Exercise brief » From the first line down to the one containing "電加熱捏合機分普通型、壓力型", reproduce the entries below exactly and leave out the pictures.

Records from a dataset
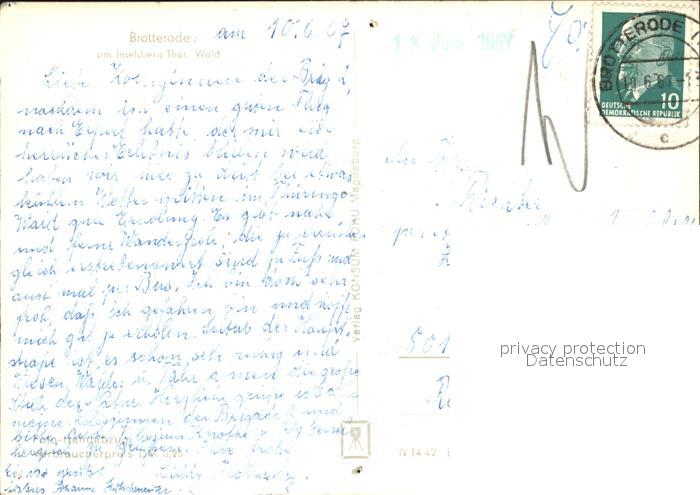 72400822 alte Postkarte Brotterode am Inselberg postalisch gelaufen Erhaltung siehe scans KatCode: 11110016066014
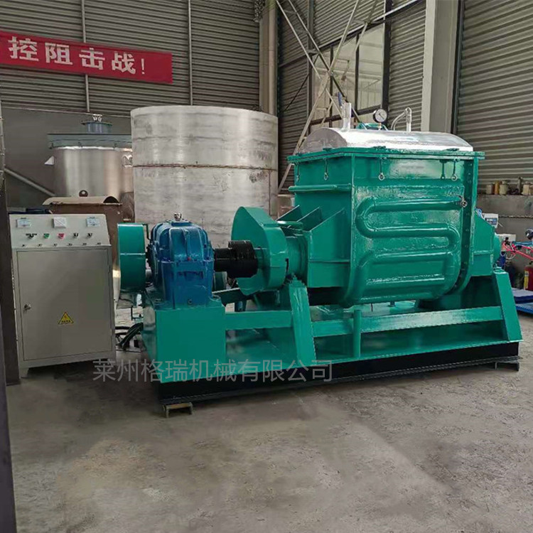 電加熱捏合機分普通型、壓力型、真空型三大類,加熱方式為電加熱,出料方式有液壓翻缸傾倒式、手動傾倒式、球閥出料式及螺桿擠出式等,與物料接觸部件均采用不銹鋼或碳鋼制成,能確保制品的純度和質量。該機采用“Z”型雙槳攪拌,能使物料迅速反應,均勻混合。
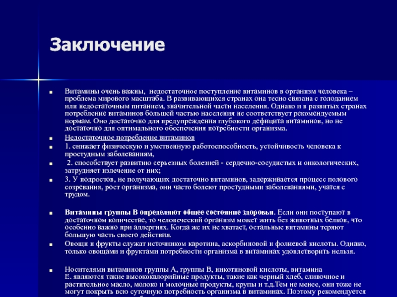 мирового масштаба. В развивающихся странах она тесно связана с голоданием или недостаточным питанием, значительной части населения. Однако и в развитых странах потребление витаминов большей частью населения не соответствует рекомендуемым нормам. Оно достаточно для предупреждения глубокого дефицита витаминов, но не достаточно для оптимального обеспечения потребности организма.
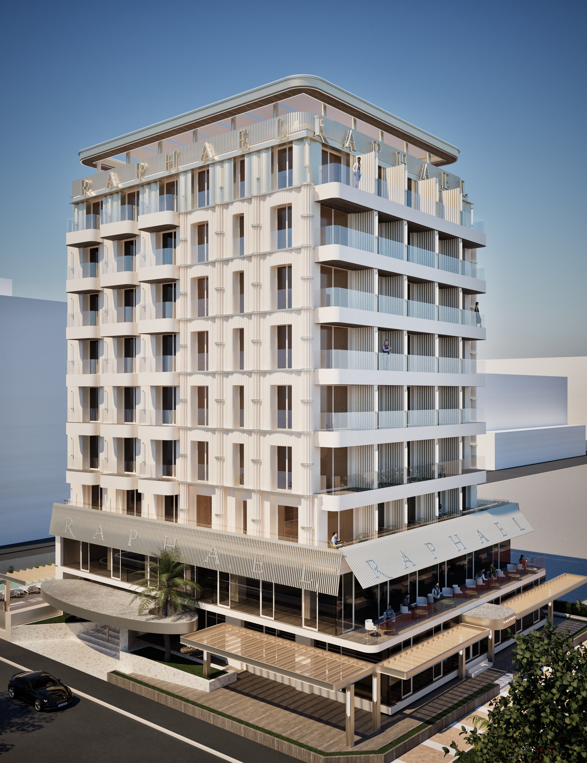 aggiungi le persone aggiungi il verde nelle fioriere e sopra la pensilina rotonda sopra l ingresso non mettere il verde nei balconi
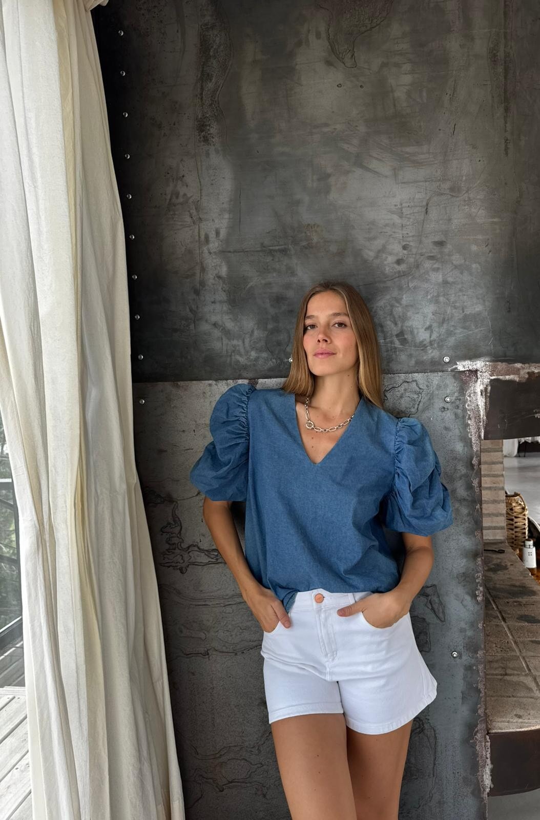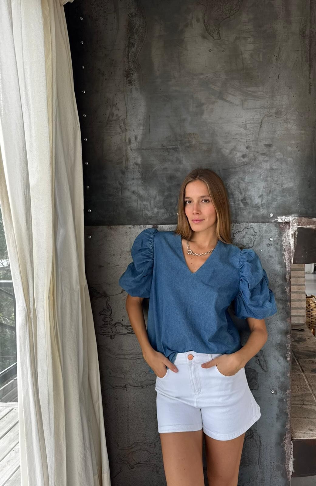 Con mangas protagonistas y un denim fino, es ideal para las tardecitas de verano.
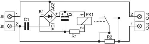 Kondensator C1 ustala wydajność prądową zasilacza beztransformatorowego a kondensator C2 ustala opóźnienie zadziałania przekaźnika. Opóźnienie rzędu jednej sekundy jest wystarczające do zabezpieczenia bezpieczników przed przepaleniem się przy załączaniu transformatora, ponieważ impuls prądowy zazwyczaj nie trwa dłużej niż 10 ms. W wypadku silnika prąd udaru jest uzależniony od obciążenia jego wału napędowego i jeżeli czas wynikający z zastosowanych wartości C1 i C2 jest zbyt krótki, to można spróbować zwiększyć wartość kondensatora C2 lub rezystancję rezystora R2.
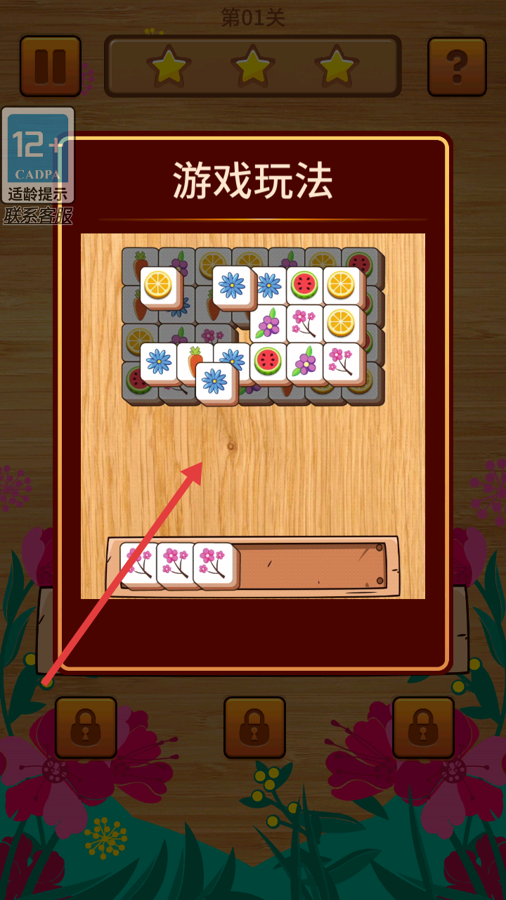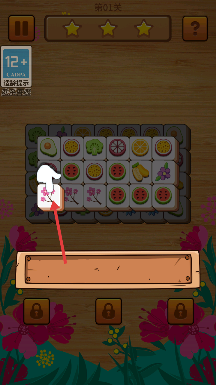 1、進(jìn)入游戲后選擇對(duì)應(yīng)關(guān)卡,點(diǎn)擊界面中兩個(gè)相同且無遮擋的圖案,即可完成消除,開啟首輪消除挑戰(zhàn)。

Response to this task »
 72400822 alte Postkarte Brotterode am Inselberg postalisch gelaufen Erhaltung siehe scans KatCode: 11110016066014
 電加熱捏合機分普通型、壓力型、真空型三大類,加熱方式為電加熱,出料方式有液壓翻缸傾倒式、手動傾倒式、球閥出料式及螺桿擠出式等,與物料接觸部件均采用不銹鋼或碳鋼制成,能確保制品的純度和質量。該機采用“Z”型雙槳攪拌,能使物料迅速反應,均勻混合。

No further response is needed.